Copy, word for word, the lines below from the one containing "This top panel" up to and including the one containing "在蘇州高新區(qū)蘇繡小鎮", with pictures left out.

■ **RECORDS TO USE**
________________________

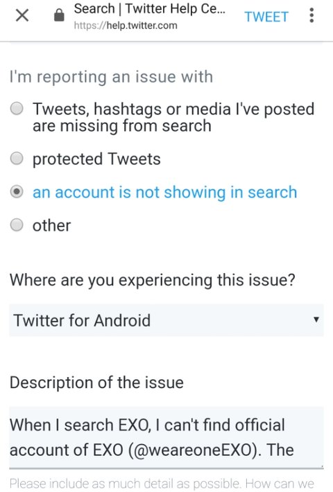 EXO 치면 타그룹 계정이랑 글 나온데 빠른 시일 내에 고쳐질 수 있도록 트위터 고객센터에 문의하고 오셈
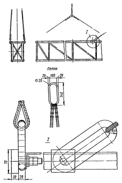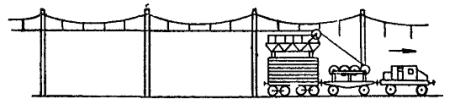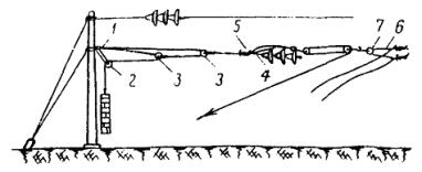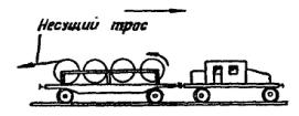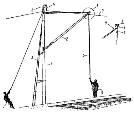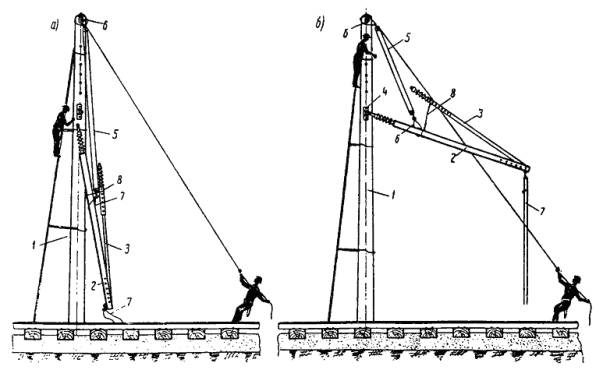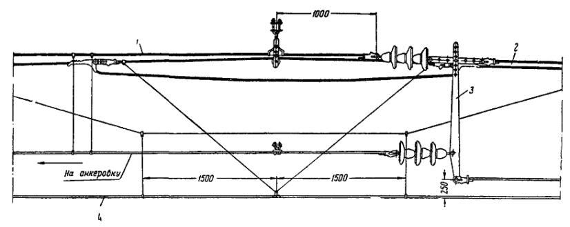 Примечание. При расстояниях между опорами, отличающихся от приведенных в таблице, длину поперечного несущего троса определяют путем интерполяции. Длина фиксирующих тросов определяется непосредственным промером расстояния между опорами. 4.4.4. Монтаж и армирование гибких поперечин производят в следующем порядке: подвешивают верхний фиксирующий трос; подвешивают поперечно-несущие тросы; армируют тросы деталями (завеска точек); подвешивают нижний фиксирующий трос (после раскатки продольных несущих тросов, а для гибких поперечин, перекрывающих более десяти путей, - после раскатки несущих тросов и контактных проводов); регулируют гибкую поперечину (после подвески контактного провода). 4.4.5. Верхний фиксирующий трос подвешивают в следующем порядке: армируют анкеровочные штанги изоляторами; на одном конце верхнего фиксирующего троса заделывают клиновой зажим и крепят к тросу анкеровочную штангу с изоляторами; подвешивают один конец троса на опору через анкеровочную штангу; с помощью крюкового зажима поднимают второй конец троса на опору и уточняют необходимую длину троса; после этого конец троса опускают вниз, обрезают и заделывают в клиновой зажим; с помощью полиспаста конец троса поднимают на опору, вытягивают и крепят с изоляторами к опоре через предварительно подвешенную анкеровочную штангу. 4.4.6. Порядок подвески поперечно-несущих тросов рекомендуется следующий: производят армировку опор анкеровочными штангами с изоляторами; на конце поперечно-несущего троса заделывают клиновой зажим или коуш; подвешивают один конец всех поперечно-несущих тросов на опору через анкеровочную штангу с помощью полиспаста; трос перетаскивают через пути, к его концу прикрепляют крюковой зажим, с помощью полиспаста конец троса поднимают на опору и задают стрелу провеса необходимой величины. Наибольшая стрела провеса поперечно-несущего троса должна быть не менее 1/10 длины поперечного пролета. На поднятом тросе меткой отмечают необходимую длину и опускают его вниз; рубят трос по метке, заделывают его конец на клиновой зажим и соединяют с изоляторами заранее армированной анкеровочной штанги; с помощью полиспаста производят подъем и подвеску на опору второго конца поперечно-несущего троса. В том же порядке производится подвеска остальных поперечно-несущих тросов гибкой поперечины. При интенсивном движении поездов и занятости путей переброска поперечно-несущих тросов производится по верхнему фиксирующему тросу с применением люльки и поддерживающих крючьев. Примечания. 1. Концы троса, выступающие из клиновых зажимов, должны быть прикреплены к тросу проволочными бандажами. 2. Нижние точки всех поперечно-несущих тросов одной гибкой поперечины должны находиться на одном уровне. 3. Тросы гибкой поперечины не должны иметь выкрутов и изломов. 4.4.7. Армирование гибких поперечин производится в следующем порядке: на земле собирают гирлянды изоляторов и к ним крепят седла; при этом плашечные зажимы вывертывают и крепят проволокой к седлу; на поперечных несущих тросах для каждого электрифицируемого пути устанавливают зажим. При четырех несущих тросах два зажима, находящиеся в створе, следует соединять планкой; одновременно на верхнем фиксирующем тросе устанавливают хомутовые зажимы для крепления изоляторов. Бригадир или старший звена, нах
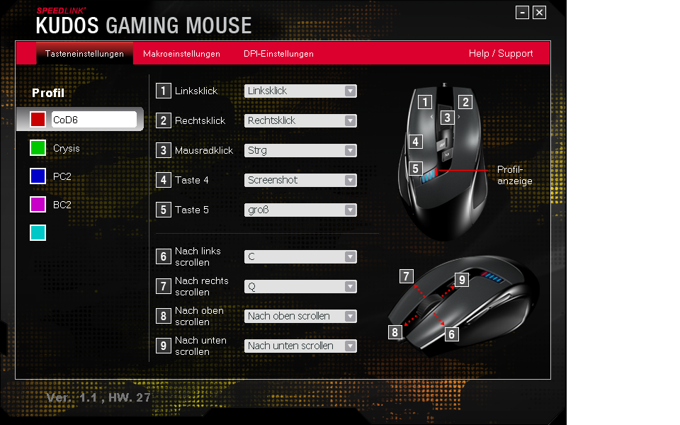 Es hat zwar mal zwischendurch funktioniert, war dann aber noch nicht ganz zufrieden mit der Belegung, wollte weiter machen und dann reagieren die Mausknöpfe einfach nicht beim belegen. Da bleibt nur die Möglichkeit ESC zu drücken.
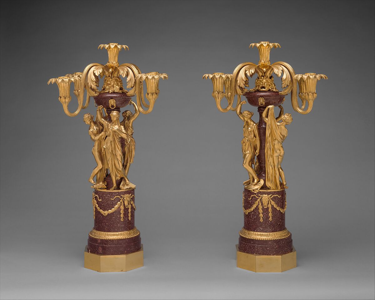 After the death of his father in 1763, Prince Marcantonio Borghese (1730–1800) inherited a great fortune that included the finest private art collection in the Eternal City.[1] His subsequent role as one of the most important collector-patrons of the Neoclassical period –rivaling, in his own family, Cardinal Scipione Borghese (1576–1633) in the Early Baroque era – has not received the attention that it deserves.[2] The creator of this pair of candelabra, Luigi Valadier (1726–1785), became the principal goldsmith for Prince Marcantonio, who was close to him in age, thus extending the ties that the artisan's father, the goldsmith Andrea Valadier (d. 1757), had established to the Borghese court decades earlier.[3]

________________________

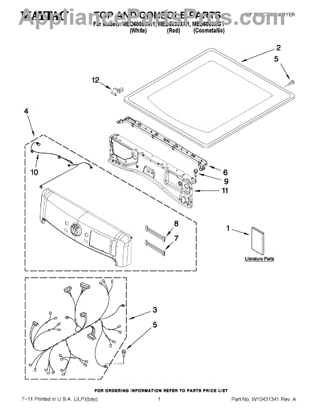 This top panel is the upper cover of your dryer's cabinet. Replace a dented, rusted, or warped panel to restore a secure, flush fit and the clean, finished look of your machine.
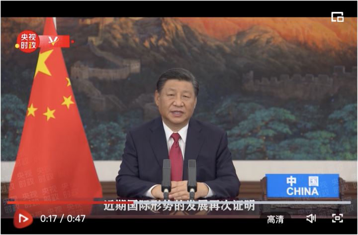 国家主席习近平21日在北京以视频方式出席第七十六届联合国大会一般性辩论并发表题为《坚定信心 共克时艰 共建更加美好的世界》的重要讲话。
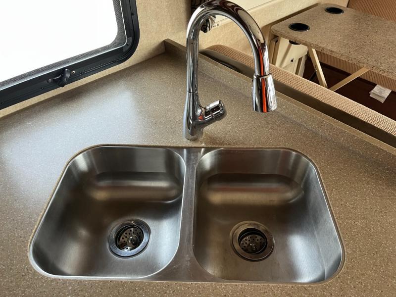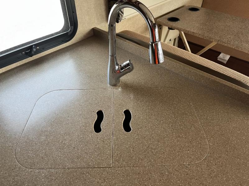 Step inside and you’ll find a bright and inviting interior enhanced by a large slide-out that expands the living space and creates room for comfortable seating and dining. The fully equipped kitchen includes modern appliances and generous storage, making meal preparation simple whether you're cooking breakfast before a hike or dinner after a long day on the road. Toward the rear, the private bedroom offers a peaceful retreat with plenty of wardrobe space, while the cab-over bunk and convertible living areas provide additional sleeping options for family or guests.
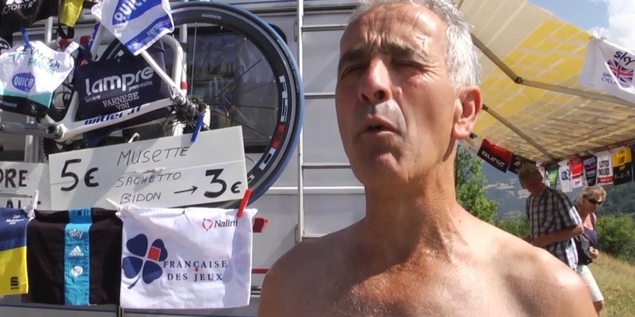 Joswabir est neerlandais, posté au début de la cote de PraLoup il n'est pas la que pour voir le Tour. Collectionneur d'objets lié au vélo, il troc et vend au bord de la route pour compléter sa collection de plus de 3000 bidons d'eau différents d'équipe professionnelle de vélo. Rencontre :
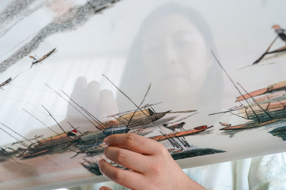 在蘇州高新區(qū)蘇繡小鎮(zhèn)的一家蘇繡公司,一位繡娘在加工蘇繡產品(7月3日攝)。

________________________

■ **TASK SOLUTION**
 This top panel is the upper cover of your dryer's cabinet. Replace a dented, rusted, or warped panel to restore a secure, flush fit and the clean, finished look of your machine.
 国家主席习近平21日在北京以视频方式出席第七十六届联合国大会一般性辩论并发表题为《坚定信心 共克时艰 共建更加美好的世界》的重要讲话。
 Step inside and you’ll find a bright and inviting interior enhanced by a large slide-out that expands the living space and creates room for comfortable seating and dining. The fully equipped kitchen includes modern appliances and generous storage, making meal preparation simple whether you're cooking breakfast before a hike or dinner after a long day on the road. Toward the rear, the private bedroom offers a peaceful retreat with plenty of wardrobe space, while the cab-over bunk and convertible living areas provide additional sleeping options for family or guests.
 Joswabir est neerlandais, posté au début de la cote de PraLoup il n'est pas la que pour voir le Tour. Collectionneur d'objets lié au vélo, il troc et vend au bord de la route pour compléter sa collection de plus de 3000 bidons d'eau différents d'équipe professionnelle de vélo. Rencontre :
 在蘇州高新區(qū)蘇繡小鎮(zhèn)的一家蘇繡公司,一位繡娘在加工蘇繡產品(7月3日攝)。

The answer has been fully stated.